It’s hard to imagine what sort of future I want, especially because the premises of my circumstances keep changing and throwing me for a loop. There are other factors as well, like what I think is realistic, what I can handle, and what I think I deserve.
I don’t think that I have a good grasp of reality. Maybe I am that talented, driven, and lucky. Maybe I’m more like everyone else. I don’t know.
Is there something that I’m meant to be doing?
The weird thing is, I stayed strong in my faith until I had a miracle happen. The sort of, “Whoa, I did not see this coming, and this really helps everything,” sort of miracle. Instead of feeling bolstered, it was like the rug had been pulled out from underneath me. I guess it’s one thing to have faith in complete darkness, but when I started moving towards light with no idea where it was coming from … that’s when it got scary. False hope? A brighter future? I have no idea.
Why would that sort of miracle happen to me anyway?
My body couldn’t take the stress though. I couldn’t sleep or eat, and I lost nearly 20lbs in two months. It left me feeling forced into the next step I took.
Not that I know what I should and shouldn’t share about what’s going on.
As it stands right now in my tiny corner of the world, I need a future. I need to figure out what future I’m aiming for. I need to stop feeling like a 17-year-old staring at high school graduation without the foggiest clue of what’s supposed to come next, especially considering that I’m 20 years past that.
I want to be a writer, but between betrayal trauma and living expenses, I’m just not sure anymore … it seems so unrealistic now.
After all, how many miracles can I expect to get me through?
I have lots of moments throughout the day when I’m overcome with the surreal thought of, “How is this my life?”
I’m not sure how much I should publicly share.
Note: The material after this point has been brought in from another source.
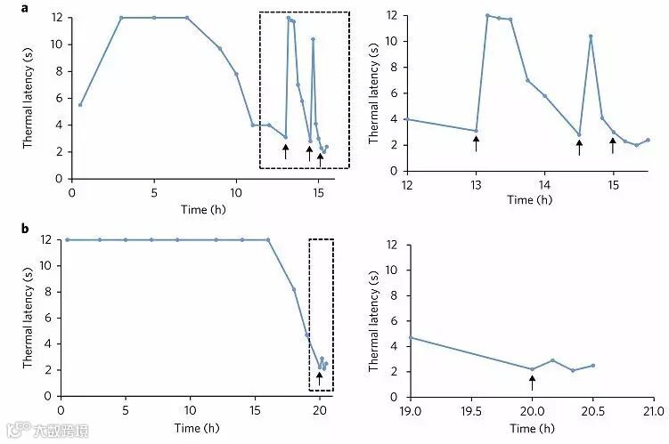 随后,作者检测了Lipo-PPIX-TTX的局部麻醉效果及可控性。他们在大鼠坐骨神经附近注射了Lipo-PPIX-TTX,并采用热板实验(将大鼠的后爪放在热板上,检测大鼠将后爪抬离热板的时间——热潜伏期,时间越长表明麻醉效果越好)检测麻醉剂的麻醉效果。他们发现注射Lipo-PPIX-TTX后的初始麻醉效果可以持续8.3 ± 4.7 h;随后进行二次超声作用(3 W·cm-2,1 MHz,10 min)产生的麻醉效果依次可持续0.7 ± 0.2 h、0.2 ± 0.2 h;第三次超声无麻醉效果(图4a)。同时无大鼠死亡,无远端麻醉效果。但是注射Lipo-TTX的大鼠有一半在注射后3-10 h内死亡,幸存下来的6只中有4只出现了远端麻醉的迹象,而超声作用不会产生麻醉效果(图4b)。这表明PPIX对于超声刺激脂质体药物释放是必不可少的。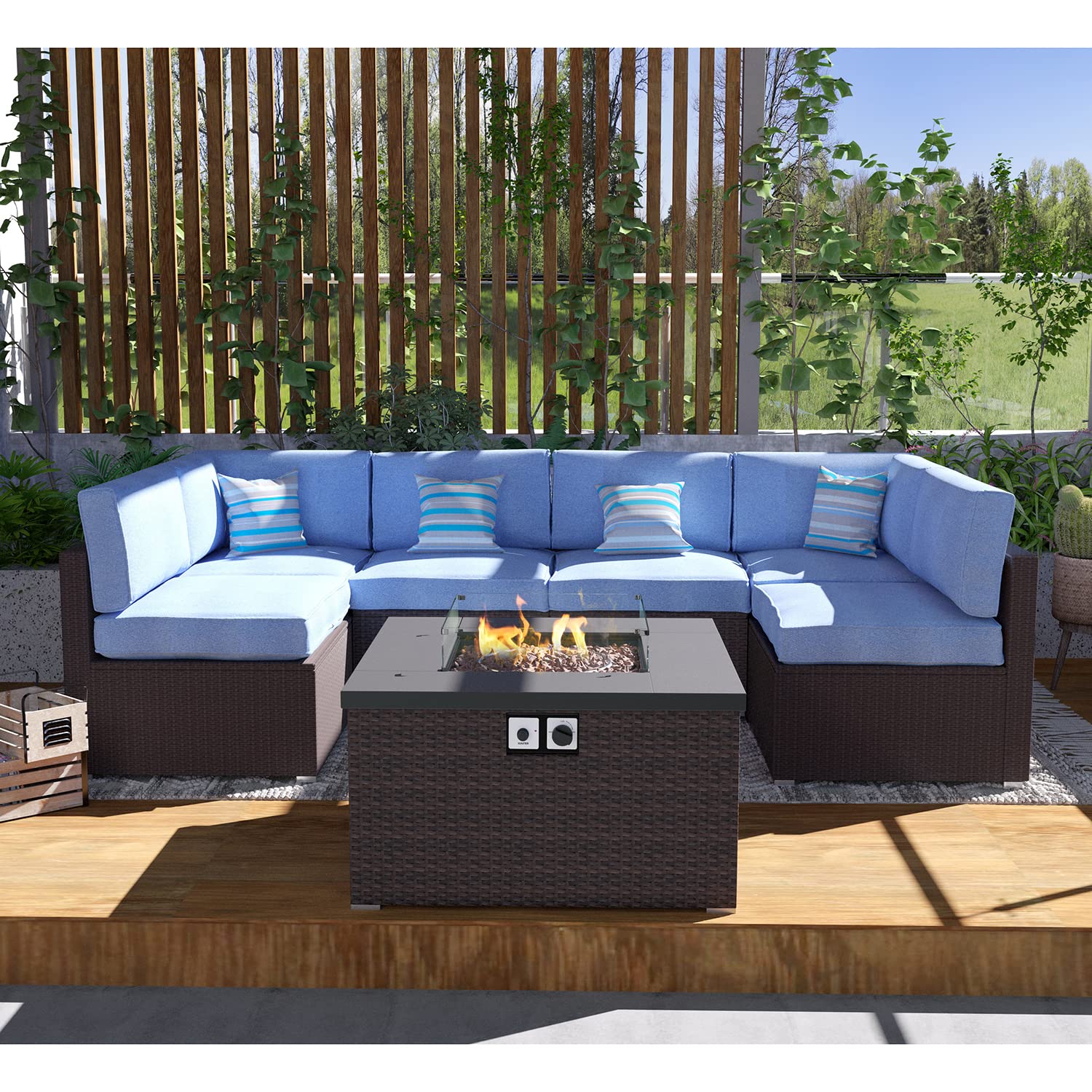 Outdoor 7 Pieces Sectional Sofa w Fire Table, Dark Brown Rattan Patio Furniture w 32-inch

Parts of it make me think of the line, “Lawyers clean up all details / since daddy had to lie” from the song End of Innocence by Don Henley, and the title itself feels apt enough.
There are days when it’s easier to lose myself in a list of things that have to be done, and not think about the big picture of what I’m doing. My heart stops every time the doorbell rings, and I wish that this wasn’t my reality.
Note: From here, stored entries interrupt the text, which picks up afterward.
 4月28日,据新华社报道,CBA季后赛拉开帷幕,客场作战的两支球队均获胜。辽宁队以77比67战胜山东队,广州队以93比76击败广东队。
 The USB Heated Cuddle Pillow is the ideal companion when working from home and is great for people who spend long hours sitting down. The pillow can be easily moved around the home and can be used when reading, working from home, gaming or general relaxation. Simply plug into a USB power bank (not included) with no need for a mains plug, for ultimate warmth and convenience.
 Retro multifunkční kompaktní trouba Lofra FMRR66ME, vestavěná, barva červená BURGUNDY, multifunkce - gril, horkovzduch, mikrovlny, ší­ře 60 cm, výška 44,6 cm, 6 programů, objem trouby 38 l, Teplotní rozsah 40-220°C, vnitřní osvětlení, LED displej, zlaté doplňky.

Events are traveling through the neighborhood grapevine faster than I would have ever expected, but by now I have surrendered my pride and laid everything bare. People are more supportive than I anticipated, and I like how they periodically check in with me. I don’t really care if it’s morbid curiosity or genuine concern, as long as I have people surrounding me through all this.
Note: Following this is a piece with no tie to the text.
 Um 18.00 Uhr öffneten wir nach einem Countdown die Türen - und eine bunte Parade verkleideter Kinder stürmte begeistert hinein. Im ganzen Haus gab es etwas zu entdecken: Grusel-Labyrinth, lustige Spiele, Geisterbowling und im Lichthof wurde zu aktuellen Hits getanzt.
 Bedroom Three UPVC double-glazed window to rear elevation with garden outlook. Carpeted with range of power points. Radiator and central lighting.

I still feel hopelessly lost. I keep wondering when that feeling will fade, when something will come together and start to feel solid, but instead everything under my feet keeps crumbling.
And I don’t even know how much I should share, because it’s moved into the legal sphere now.
For all my life, I heard divorce talked about like it was an ending. In reality, it’s a beginning. Sometimes people take it as permission to punish you, to erase you, to make your life as miserable as they can. After all, why should they care? They’ve already moved on to their new partner, and you’re just a loose end and a failure. An object that no longer serves a purpose.
But I’m not.
I will not be erased. I will not surrender my life just because someone thinks that my existence is inconvenient now.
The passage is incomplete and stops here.